Ces jeux de langue sont une critique totale, de tout et tout le monde, de lui-même surtout, lui qui rejette aujourd’hui le tragique. «Le noir me casse les pieds. J’en ai marre de ce côté Baudelaire, Lou Reed. Je n’en ai plus besoin, ce n’est pas ce que je veux donner aux gens que j’aime. Pourquoi pas un petit rayon de soleil? Voir la beauté des choses sans être idiot?» Alors il écrit sur cette fleur mauve qu’il heurte chaque matin en passant avec sa batterie, quelques lignes sur un bout de papier déchiré, modeste flocon du quotidien. «C’est une petite image qui m’est restée. Comment la formuler en moins de mots possibles? Je vais vers le microcosme, la densité, le détail infime.»

 

Dedans et dehors

Cette concision, cette vibration, il les cherchait bien avant de découvrir Bashô et les haïkus. «Quand je l’ai lu, je me suis senti à la maison.» Alors que le dada est pur jeu de langue, le haïku intègre des éléments visuels du quotidien. Le haïkiste «ne conçoit pas, il découvre. Il met la focale au point sur ce qui est là, maintenant, inépuisable dans l’éphémère – non pas une essence, mais une dynamique, une énergie. Loin d’être asservi par un quelconque point de vue, il cherche un point de vision – un nouvel angle», écrivent Corinne Atlan et Zéno Bianu dans Anthologie du Haïku (Gallimard, 2002). Pas étonnant que chez Tabarini, ce regard se traduise aussi en image, quand il choisit de capter l’instant à travers son objectif, rapide, attentif.  
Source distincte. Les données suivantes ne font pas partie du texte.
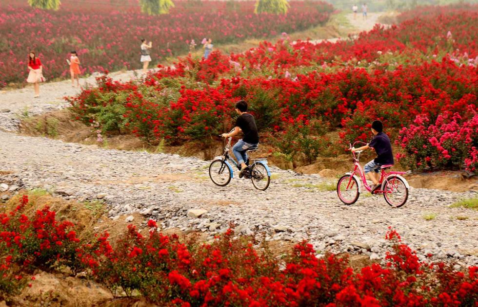 9月4日,初秋时节,四川省华蓥市禄市镇凉水井村正火红盛开的2000多亩紫薇灼灼其华,把乡村妆点得格外美丽迷人,吸引不少市民赏花休闲。

Dans Rue des Gares, ses points de vue esquissent son portrait en négatif. Pour ce livre, il a bénéficié de la bourse auteur confirmé de la Ville et du canton. Une aide bienvenue pour celui qui a toujours vécu chichement de son art. Rue des Gares, c’est «la vision d’un jazzman marginal mais bourré de culture littéraire» où le contestataire d’avant-garde se fait parfois presque réactionnaire, confesse-t-il, par nostalgie d’une certaine Genève.
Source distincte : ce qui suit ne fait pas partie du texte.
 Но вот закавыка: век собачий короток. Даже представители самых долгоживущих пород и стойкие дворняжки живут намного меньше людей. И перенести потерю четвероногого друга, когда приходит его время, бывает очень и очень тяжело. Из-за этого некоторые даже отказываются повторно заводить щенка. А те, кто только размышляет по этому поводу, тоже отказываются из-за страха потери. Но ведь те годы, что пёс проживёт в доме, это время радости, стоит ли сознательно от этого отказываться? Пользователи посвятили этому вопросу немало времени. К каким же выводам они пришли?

Celle des utopies et des expériences collectives, bien sûr, même s’il n’a, au fond, «jamais fait partie de rien». «Cela sonne peut-être prétentieux, mais je pense qu’un poète est toujours dans la marge, quel que soit le milieu où il se trouve. Quand une maison brûle, tout le monde lance des seaux et le poète chante l’événement, disait Ramuz. C’est un recul. Un revers, aussi: la solitude est grande. Mais on ne peut pas adhérer. Et c’est ça qu’on donne.» En pleine liberté.

 

Claude Tabarini, Rue des Gares et autres lieux rêvés, Ed. Héros-limite, 2016, 178 pp.